Page 23 - Poetry-Romance
P. 23

The Cambridge Exam
               She crammed herself up with battles and dates,
                   She made her head ache with profit and loss;
               She worked so hard that she nearly got ill—
                   What did it matter? She did not pass.
               She learned all the French irregular verbs,
                   Pronouns and nouns in each separate class;
               She knew the rivers and towns in each map—
                   What did it matter? She did not pass.

               Horae Paulinae she knew off by heart,
                   Scripture she’d studied full well; but, alas!
               Spite of her studying, cramming, and work—
                   What did they matter? She did not pass.

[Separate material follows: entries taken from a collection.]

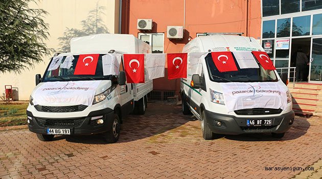 \r\n\r\nKahramanmaraş Büyük Şehir Belediyesi ve Pazarcık Belediyesi, yatırım ve hizmetlerin yanı sıra fırsat buldukça hizmet kalitesini artırmaya yönelik bünyesinde bulunan araçları yenilemeye devam ediyor. Bu kapsamda belediye tarafından Kahramanmaraş Büyük Şehir Belediye Başkanı Fatih Mehmet Erkoç'un Girişimleri ile Pazarcık İlçesine cenaze yıkama ve Çadır ve Personel Taşıma işlerinde kullanılmak üzere aracı alındı.\r\n\r\nCenaze nakil aracını belediye araç parkuruna kazandıran Başkan Bozdağ, bir ilke daha imza atarak ilçeye cenaze yıkama aracı kazandırdı. Cenaze yıkama ve bekletme işlemlerinde vatandaşlara daha iyi hizmet vermek için cenaze yıkama aracı alan belediye vefat eden vatandaşlara son görevini en iyi şekilde yapmayı hedefliyor.\r\n\r\nPazarcık Belediye Başkanı Yakup Hamdi Bozdağ Konuşmasında Kahramanmaraş Büyük Şehir Belediye Başkanı Fatih Mehmet Erkoç'a Pazarcık İlçesine Göndermiş olduğu araçlardan dolayı teşekkürlerini ifade etti.\r\n\r\nYeni alınan cenaze yıkama aracını inceleyen Pazarcık Belediye Başkanı Yakup Hamdi Bozdağ; ``Belediyemizin kısıtlı imkânlarına rağmen hem borç ödüyoruz, hem hizmet veriyoruz, hem de yatırım yapıyoruz. Belediyemiz araç parkuruna kazandırdığımız cenaze yıkama aracı ile vefat eden vatandaşlarımıza son görevimizi layıkıyla yerine getirmeye çalışıyoruz. Şehir dışında vefat eden vatandaşlarımızın cenazelerinin naklini mevcut aracımızla gerçekleştiremiyor, özellikle yaz aylarında büyük sorun yaşıyorduk. Bu sorunu yeni aldığımız soğutmalı nakil aracımızla çözdük. Kullanımda olan cenaze yıkama aracımız dar sokaklara giremiyordu. Belediyemize yeni kazandırdığımız cenaze yıkama aracıyla vatandaşlarımız cenazelerini aracımızda bekletebilecek ve dar sokaklarda bile vatandaşımızın kapısının önüne kadar gidecek aracımızda yıkama işlemleri gerçekleştirilebilecek. Şunu unutmamalıyız ki ölüsüne saygısı olmayanın dirisine saygısı olmaz ` dedi.\r\n\r\nVatandaşlarımıza daha kaliteli ve iyi hizmet edebilmek adına yapmış olduğumuz çalışmalarla belediyemizin araç filosunu yenilemeye devam ediyoruz. Belediyemiz bünyesine katmış olduğumuz bu 2 yeni araçla birlikte mevcut araçlarımız vatandaşlarımıza sunacağımız hizmetlerin aksamaması noktasında yeterli seviyeye ulaşmış bulunmaktadır. Tabi günümüz teknoloji günüdür. İlerleyen çağa bizde ayak uyduruyoruz. Belediyemizin acil ihtiyacı bulunan ve yenilenmesi gereken bir araca şuan itibariyle ihtiyacımız kalmamıştır. Ama ilerleyen zamanda ihtiyaç duyulduğu takdirde yeni araçlarda alınabilir. Şuan için vatandaşlarımıza en iyi hizmeti sunabilmemiz için araçlarımız yeterli bir seviyeye gelmiştir. Tabii ki bölgemiz soğuk, bu bölgede kış şartlarında vefat eden vatandaşlarımızın ailelerine yardımcı olabilmek için, daha rasyonel faaliyetlerde bulunabilmek için eski olan cenaze yıkama aracımızı yeniledik.\r\n\r\n \r\n\r\n \r\n\r\n \r\n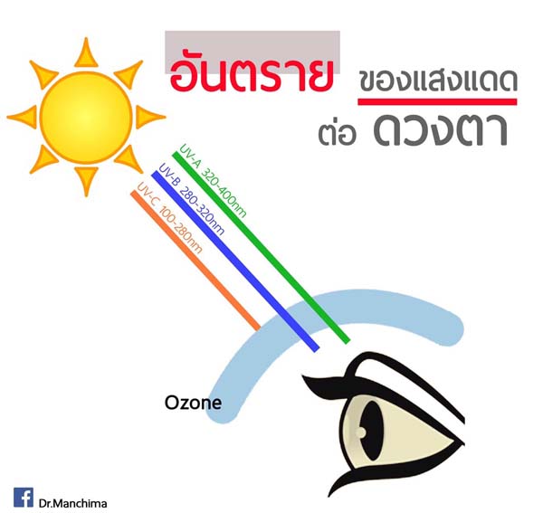 รศ.แพทย์หญิงมัญชิมา มะกรวัฒนะผู้อำนวยการศูนย์จักษุรักษ์ตา ชั้น 2 ไลฟ์เซ็นเตอร์ (อาคารคิวเฮ้าส์ ลุมพินี) ได้อธิบายเรื่องแสงแดดว่า แสงแดดจะประกอบด้วยรังสีอัลตร้าไวโอเลต(ultraviolet) หรือที่เราเรียกสั้นๆว่า รังสียูวี (UV rays) ซึ่งเป็นคลื่นแสงที่มีความยาวคลื่นสั้นกว่าแสงที่มองเห็นด้วยตา กล่าวคือ แสงที่มองเห็นด้วยตามีความยาวคลื่น 400-700 นาโนเมตรรังสียูวีจึงมีความยาวคลื่นสั้นกว่า 400 นาโนเมตรมีพลังงานสูง และไม่สามารถมองเห็นด้วยตาเปล่าถ้าได้รับรังสียูวีในความเข้มสูง จะส่งผลให้เกิดกระจกตาอักเสบ มีอาการแสบตา น้ำตาไหล แพ้แสง ตาแดงส่วนระยะยาวจะเกิดต้อลม ต้อกระจก ในอนาคตจอตาอาจเสื่อมได้
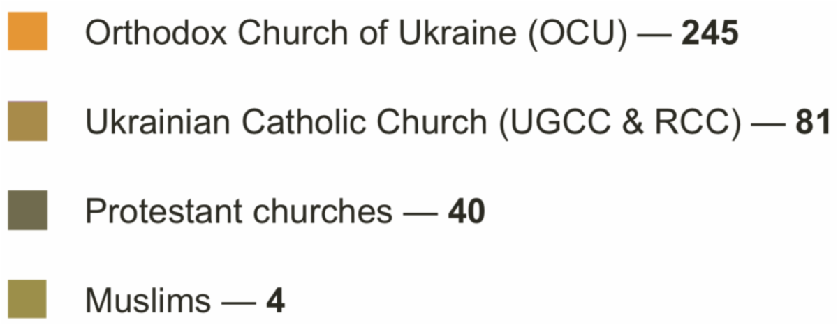 Interfaith Council on Military Chaplaincy under the Ministry of Defense of Ukraine coordinates the work of chaplains in Ukraine. There is also a coordinating body for the Ukrainian churches and religious organizations – the All-Ukrainian Council of Churches and Religious Organizations (UCCRO), which includes 15 major religious organizations representing over 95% of religious groups in the country. Its members represent a wide variety of faiths, including Orthodox, Catholic, Protestant, Jewish, and Muslim communities.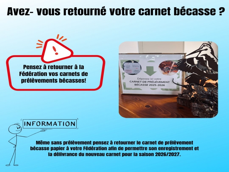 Même sans prélèvement, le carnet doit être transmis afin de permettre son enregistrement et la délivrance de votre nouveau carnet pour la saison 2026/2027.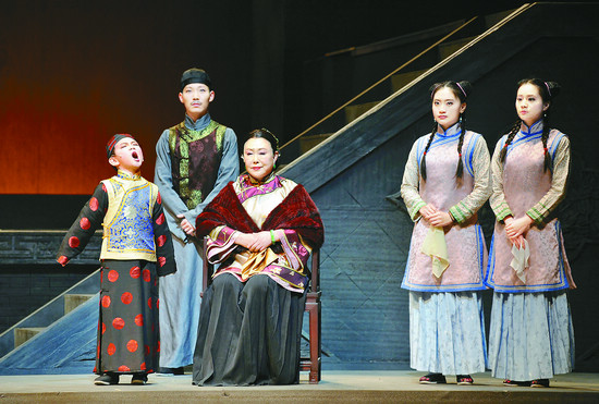 中國國家話劇院2013年新創大戲《大宅門》于1月17日在國家大劇院首演,在話劇舞臺上為觀眾再現白家老字號的沉浮往事。該戲由《大宅門》電視劇版導演郭寶昌執導,國家話劇院演員劉威、朱媛媛、雷恪生、劉佩琦以及特邀演員斯琴高娃擔任主角。老北京的故事、老宅院的情仇、老字號的堅守……導演郭寶昌用自己的方式將白家的故事娓娓道來。高尚 攝
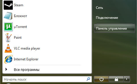 1. В меню «Пуск» выберите пункт «Панель управления»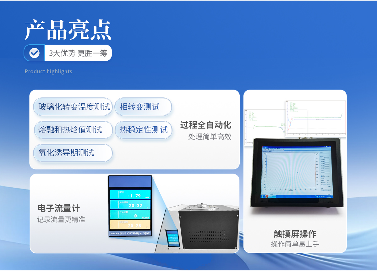 該差示掃描量熱儀為觸摸屏式,主要針對塑料行業(yè)訂制,可測各種塑料的熔融、塊狀、 顆粒、薄膜、管道、套管等熔點的測試。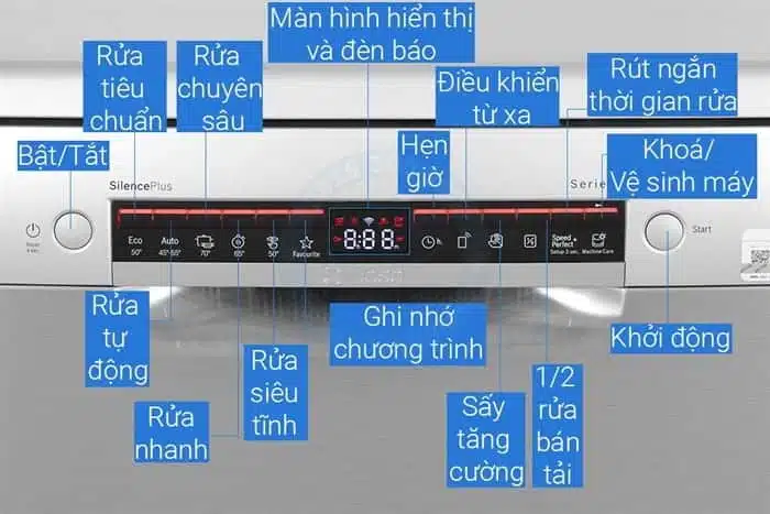 – Machine Care: chức năng giúp đánh bay các cặn bẩn, mảng bám bên trong máy rửa chén để không gian trong máy luôn sạch sẽ, bảo vệ chén bát của bạn khỏi sự tấn công của vi khuẩn có hại.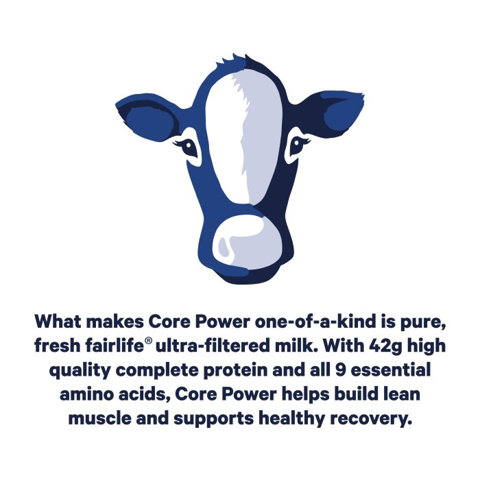 Whether you’re working towards a new personal record or you’re just trying to stay fit, you should make the most of your workouts, which includes your recovery.That’s why Core Power protein shakes are designed to help you refuel, rebuild, rehydrate and recover from your workout.With Core Power Elite Chocolate, you get a protein shake that’s packed with 42g of high quality protein, all 9 essential amino acids, electrolytes and a creamy chocolate taste. Its high quality protein from fairlife ultra-filtered milk helps you recover after each and every workout.These delicious ready-to-drink protein shakes come in a variety of different flavors, so you can always satisfy your taste buds.Fueled by fairlife ultra-filtered milk, Core Power Elite is about helping you recover after a workout so you feel good and can tackle the rest of your day.Recover & Build Lean Muscle.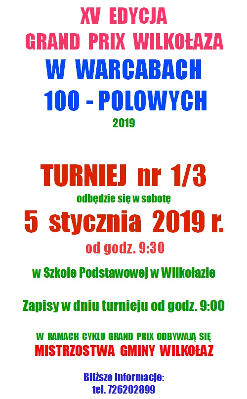 W dniu 08.12.2018r. w remizie OSP w Wilkołazie odbył się otwarty XX Turniej Szachowy o Mistrzostwo Powiatu Kraśnickiego. Oficjalnego otwarcia turnieju dokonał Wójt Gminy Wilkołaz Pan Paweł Głąb. Rozgrywki rozpoczęły się o godzinie 1000.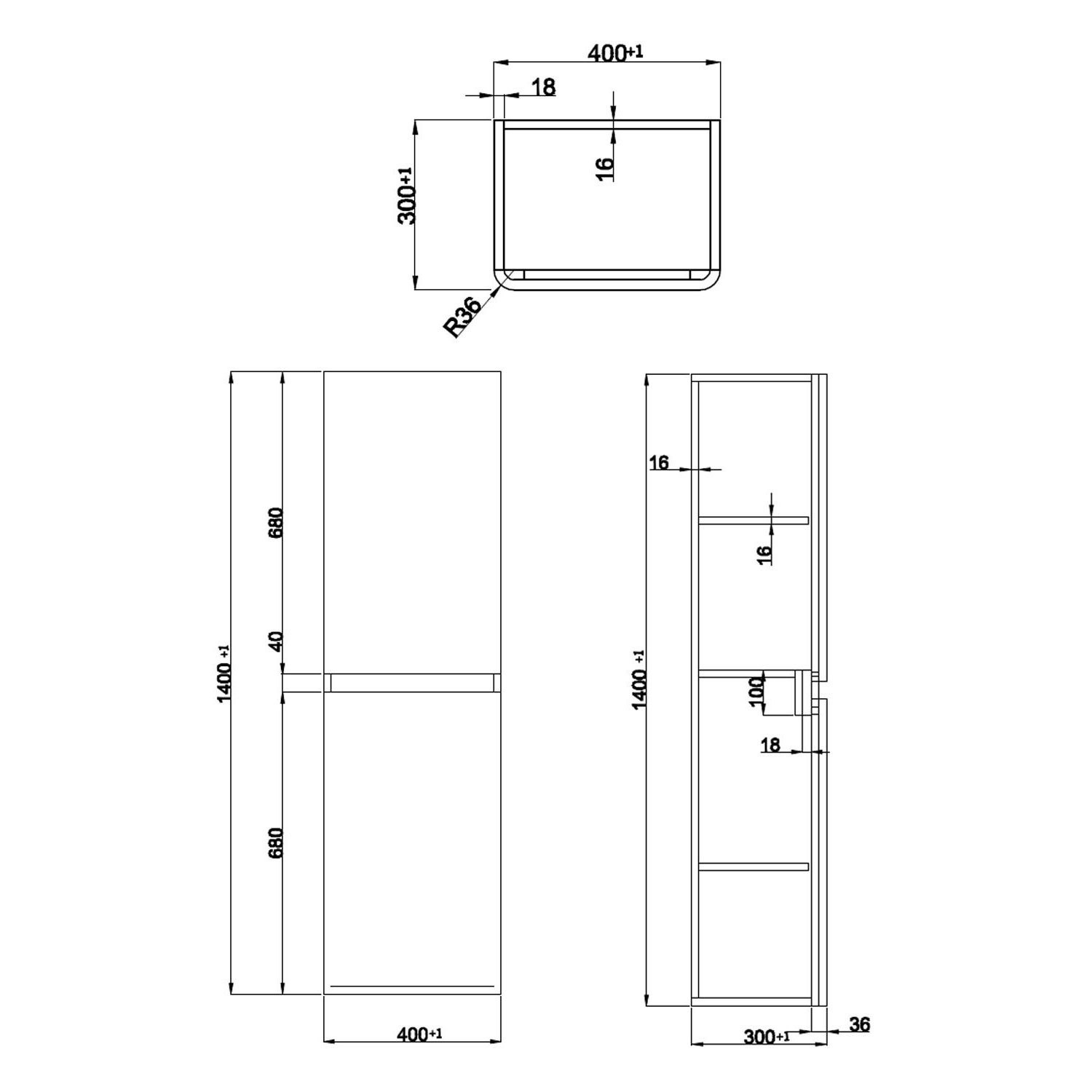 - Dimensions: H1400 x W400 x D300 mm (give or take -/+ 3mm per measurement)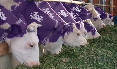 | La batteria di mucche lilla allevate appositamente dalla Milka con un'alimentazione selezionata a base di viole di Bertoloni |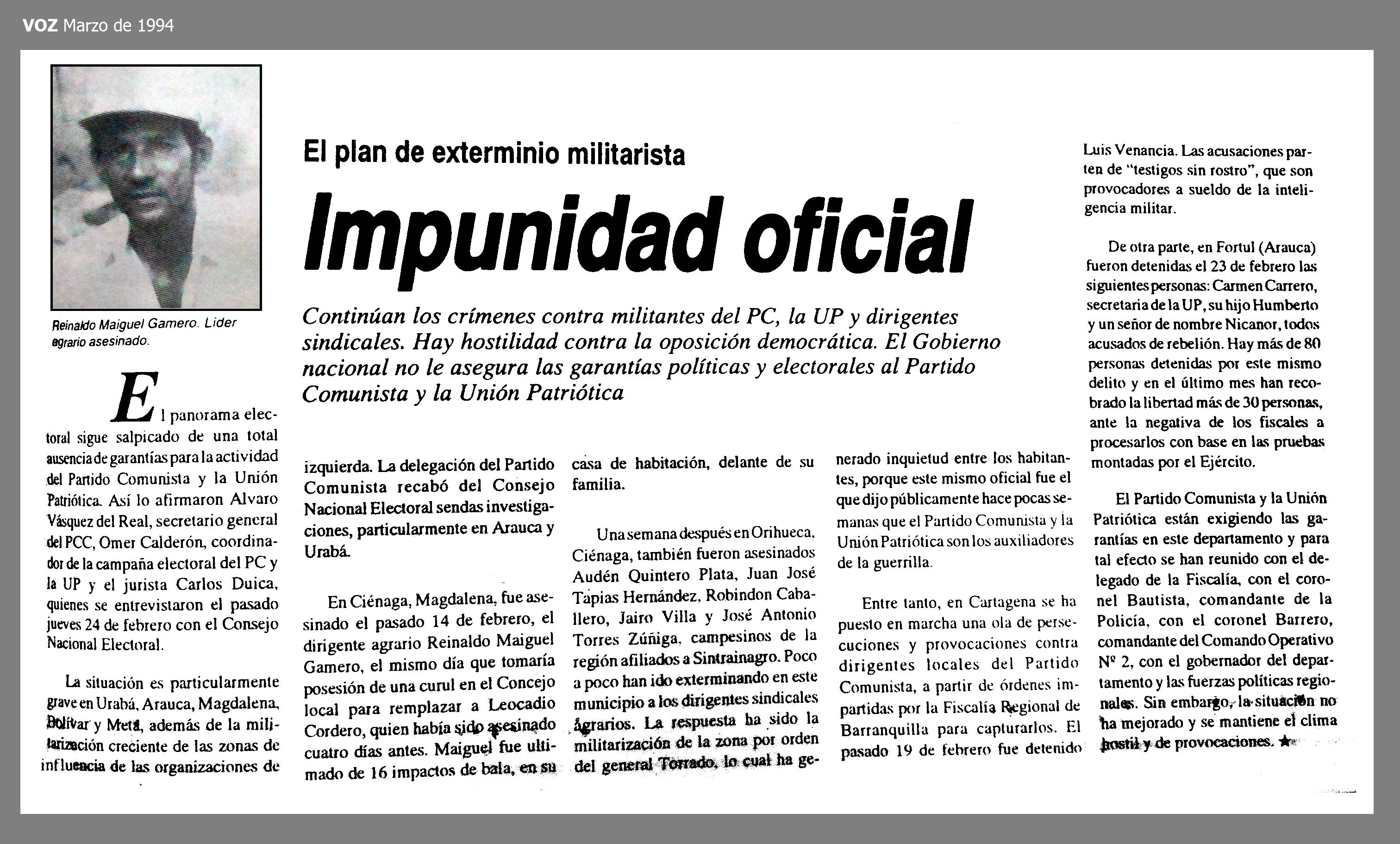 El 14 de febrero de 1994 en Ciénaga, Magdalena, paramilitares ejecutaron a REINALDO ALFONSO MAIGUEL GAMERO, militante de la Unión Patriótica, secretario seccional de SINTRAINAGRO e integrante del Movimiento Cívico Comunal. El hecho sucedió cuando la víctima salía de su vivienda ubicada en el barrio El Polvorín. Al día siguiente Reinaldo se iba a posesionar como concejal del municipio, en reemplazo de Leocadio Cordero Durán, ejecutado una semana antes (1).

               When first she came she was rosy and bright,
                   And her large dark eyes were as clear as glass;
               But her eyes grew dim and her cheeks grew pale,
                   And all for nothing—she did not pass.
               When the news first came, she turned white as death;
                   She tried to keep calm, but the tears fell fast,
               As the thoughts came crowding into her mind,
                   “It is over now, and I have not passed.
               “I never can write and tell them at home
                   I have wasted money and time in vain:
               It is too late now; my last chance is gone,
                   For I am too old to go in again.”
               When evening came she was flushed and hot,
                   Her eyes were glittering strangely bright,
               Her head was aching with maddening pain,
                   And she raved and wandered in bed that night.
               Brain fever came on, she grew worse and worse,
                   She had injured her mind and body and brain;
               She passed from this world to the land of rest,
                   Where she would not have to work hard again.

               Oh! Cambridge exams, you may do much good,
                   But you break some hearts in that numerous throng;
               And it’s sad to think that one mark too few
                   May soften the brain that was never strong.